Впрочем, Ригер не обиделся. Он и сам не любил водку.

Глава 10 «Порождение ехидны…»

«Ничто так не заразительно, как заблуждение,

поддерживаемое громким именем». Жорж-Луи Леклерк де Бюффон

— Следующий — Толстой? — уныло поинтересовался наутро Ригер, — мы захлебнемся. Матерый же человечище. К пятнице не успеем, это точно.

— Нужно четко выследить доминанту личности, — решил Верейский, — и не лезть в дебри.

Голембиовский, озирая «юнцов» тем ласковым взглядом, каким Эйнштейн смотрел бы на играющих котят, усмехнулся.

— Считаете, Борис Вениаминович, — заметив ироничный взгляд Голембиовского, спросил Муромов, — что не по себе сук рубим?

Тот покачал головой.

— Начнёте копать — поймёте, — старик с утра неожиданно появился на кафедре с новой трубкой, и сейчас набивал её каким-то душистым табаком, от которого исходил томный аромат спелых вишен. — Никакой целостности и доминанты в личности Толстого нет. Цельные личности не мечутся до восьмидесяти в поисках себя. Помните Вяземского? «Один из главных недостатков нашей литературы заключается в том, что наши грамотные люди часто малообразованны, а образованные часто малограмотны. Можно к этому ещё прибавить, что нередко встречается дарование, при котором нет ума, и ум, при котором нет дарования…» Вот тут собака и зарыта… — старик неторопливо затянулся, выпустив клуб ароматного дыма, и стал чем-то похож на комиссара Жюля Мегрэ.

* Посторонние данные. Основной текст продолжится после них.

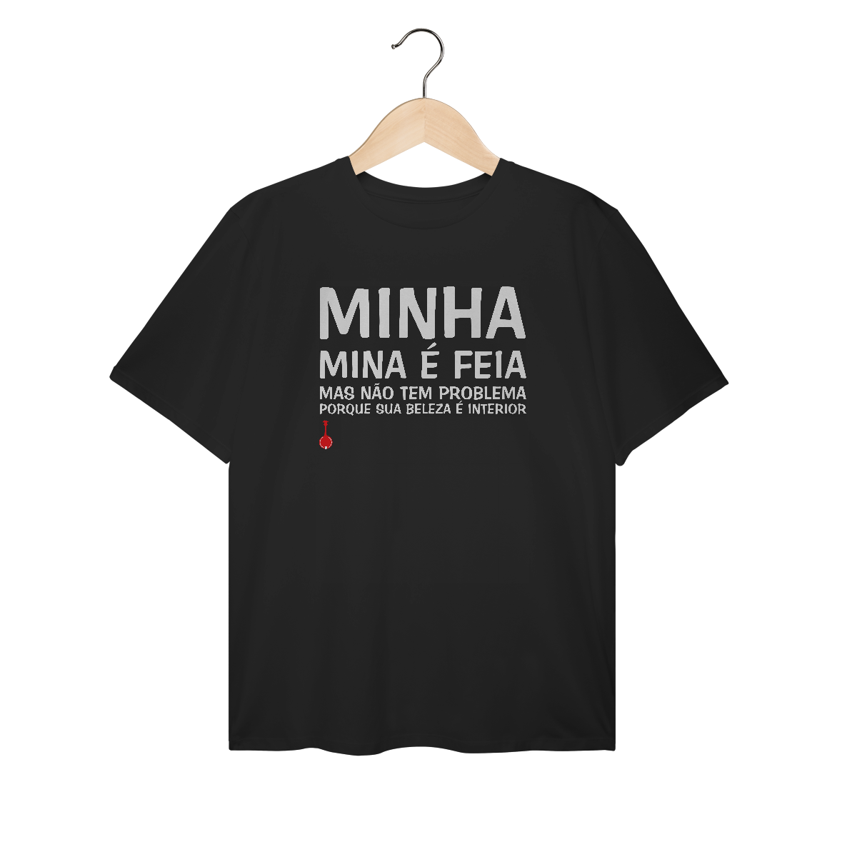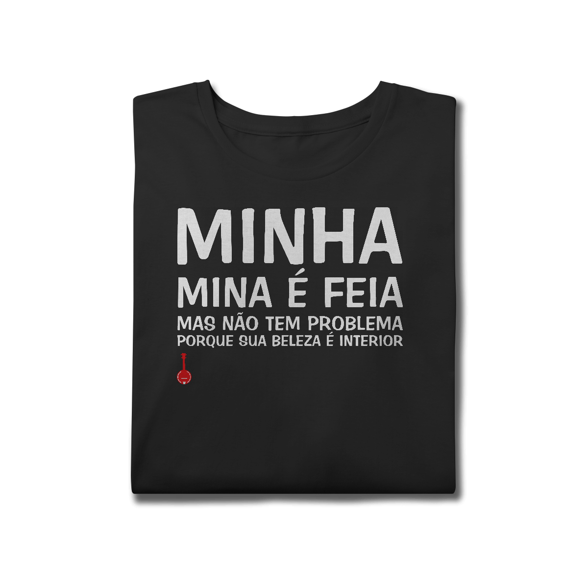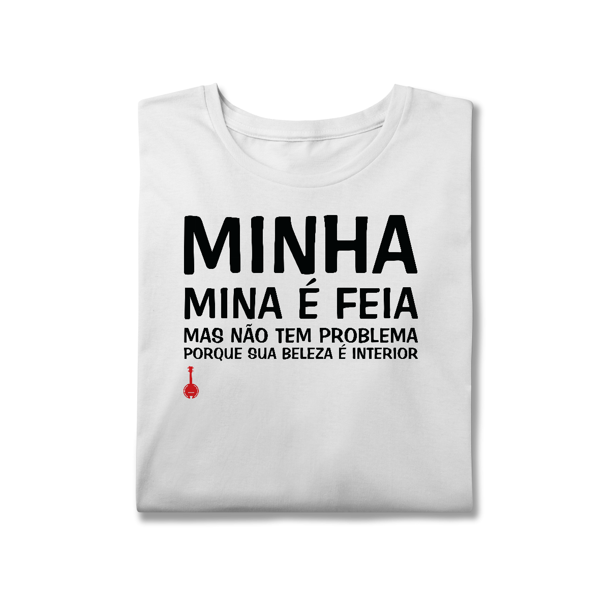 Camiseta cheia de humor! Estampa inspirada na música “Mina Feia”, composição de Gabriel Moura, Seu Jorge, Pretinho da Serrinha e Rogê, que fez muito sucesso na voz do próprio Seu Jorge.

Вскоре прозвенел звонок, и Голембиовский, вооружившись коричневой кожаной папкой, ушёл в аудиторию на лекцию, предварительно предупредив «юнцов», что обсуждение пройдет «всухую»: он не потерпит больше пьяных шуточек, ёрничества и дурного злорадства. Только чаёк-с.

Едва за ним закрылась дверь, Ригер, благоразумно пропустивший последние слова Голембиовского мимо ушей, поднял брови и чуть вытаращил глаза.

— Предположить, что Толстой не имел дарования, — слишком большая дерзость, старик имеет в виду, что граф был дурак? Я правильно понял? — Ригер по-прежнему выглядел ошеломлённым. — Но если гений несовместим со злодейством, как совместить его с глупостью, помилуйте?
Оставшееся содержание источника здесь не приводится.